Principles Underlying Internet Data Distribution

Adopted by the Unidata Policy Committee, 29 June 1994
Drafted by Dave Fulker

The Internet Data Distribution (IDD) system is a means by which Unidata universities can build and keep current their holdings of environmental data, especially those updated in near-real time. IDD is a "distributed application," with interacting components (data sources, data relays and data sinks) at many locations nationwide. Responsibilities for running and maintaining the IDD system also are distributed, on the assumption that proper balances among cost, data needs, performance and flexibility are best achieved through community effort--organized and guided by the Unidata Program Center (UPC)--rather than a more centralized endeavor.

Elaborated in subsequent sections are eight key principles that reflect the above purpose and underly the IDD system design:

  1. Data Reception Implies Relay Responsibilities
  2. The UPC Acquires Data of Very High Interest
  3. The UPC Chooses Routes for High-Interest Data
  4. Routing Is Ad Hoc for Data of Lesser Interest
  5. The High-Interest Category Is Defined by Actual Use
  6. Incentives and Criteria Exist for High-Level Relays
  7. The LDM Design Facilitates a Community Endeavor
  8. The Internet Will Evolve to Simplify the IDD

1. Data Reception Implies Relay Responsibilities

Those who receive information via IDD relay data to other Unidata users where practical and needed. Participants generally install components of the IDD system in computer and network settings sufficient to relay all data received to a minimum of one other site. This implies that users constrain their data requests to fall well within the capacities of their computers and networks.

2. The UPC Acquires Data of Very High Interest

To obtain rates possible only through "bulk purchases" or special agreements with agencies and providers, the UPC acquires widely used data streams for universities. In some cases, universities pay nothing to receive such data; in other cases (where usage is less or bulk purchases impractical) they pay the data providers, but costs are discounted through UPC-negotiated agreements. Unidata acquisition does not imply that the data flow through the UPC; the UPC will not become a data center or hub for IDD.

3. The UPC Chooses Routes for High-Interest Data

The UPC identifies effective routes for high-interest data from each source to each recipient. Routes are established for both normal and outage conditions, which may occur at any relay. In general, suggested routes are chosen to optimize performance and minimize redundant network traffic; in time, routing may become more dynamic, especially for data (such as from radars) for which demand is intermittent. Routings may be distinct for each data source and even for subsets from a single source. As the IDD system matures, the UPC will make fewer routing decisions and move toward monitoring the system and providing information and automation to simplify users' routing and management decisions.

4. Routing Is Ad Hoc for Data of Lesser Interest

For data of low to moderate interest, the UPC offers little guidance on routing or other management functions. The exception to this principle is that the UPC discourages sites from handling lesser-interest data in ways that interfere with high-interest data flows. In other words, lesser-interest flows must not consume system and network capacities to the point that significant degradations occur for high-interest data. This principle implies that any organization with adequate system and network capacities may become a provider simply by offering data, and those data become part of the IDD system when one or more Unidata sites chooses to receive them.

5. The High-Interest Category Is Defined by Actual Use

The classification of data as high interest is determined by actual use as indicated by the number of recipient universities. In consultation with the Unidata Policy and Users Committees, the level at which data becomes high interest is set to accord with resource constraints and other factors.

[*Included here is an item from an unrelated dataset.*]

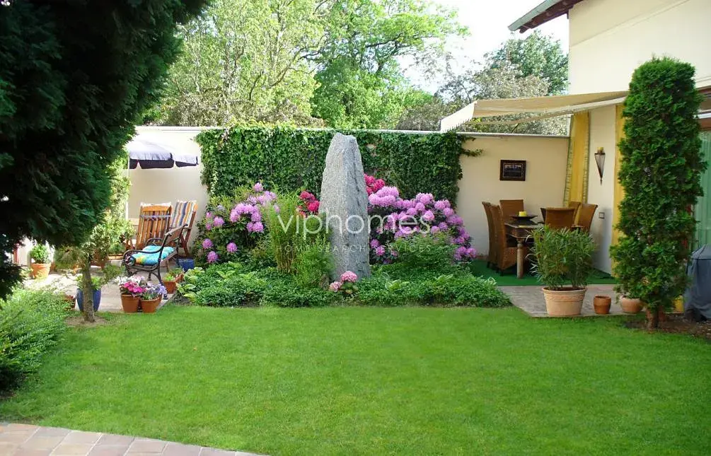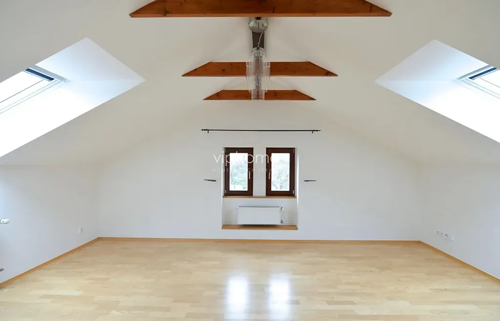 V přízemí bytu se nachází společenská část bytu, kuchyň otevřená do obývacího pokoje (49 m2) se vstupy na terasu a zahrádku, WC, šatna, komora a technická místnost. Klidová zóna v patře nabízí hlavní ložnici, velkou koupelnu s vanou, sprchou a WC, další dvě ložnice, galerii a úklidovou místnost.

6. Incentives and Criteria Exist for High-Level Relays

There are natural incentives to serve as high-level relays (being close to the data sources increases reliability and reduces latency), but not every site can do so effectively. To ensure satisfactory reception at dependent sites, the criteria for high-level relays are quite stringent, especially regarding system and network capacities: top-level relays must feed between five and ten second-level relays, which means they must handle six to eleven times the data volume required to meet local needs. So that there are enough such relays, well maintained and well positioned in respect to the underlying network, Unidata encourages the National Science Foundation to offer additional incentives, such as grants for equipment and other resources targeted to meet this need.

7. The LDM Design Facilitates a Community Endeavor

The design of the Local Data Manager (LDM) software--on which IDD is based--facilitates adherence to these principles. Beyond offering ease of use and support for local control, LDM software collects statistics on performance and usage, and it eventually will utilize UPC-selected routes by default. The statistics are used to identify high-interest data and to diagnose problems at relay sites. As the LDM matures, routing will become simpler and increasingly automated.

8. The Internet Will Evolve to Simplify the IDD

The IDD system gains capacity and economy by exploiting new Internet services and capabilities as they materialize. Of particular note will be the provision by the networks of point-to-multipoint transmission services. These services may make relays and UPC-selected data routes unnecessary, in which case Unidata likely will focus attention on data recovery and retrospective data-access methods. These will be necessary because multicast services are unlikely to provide full reliability.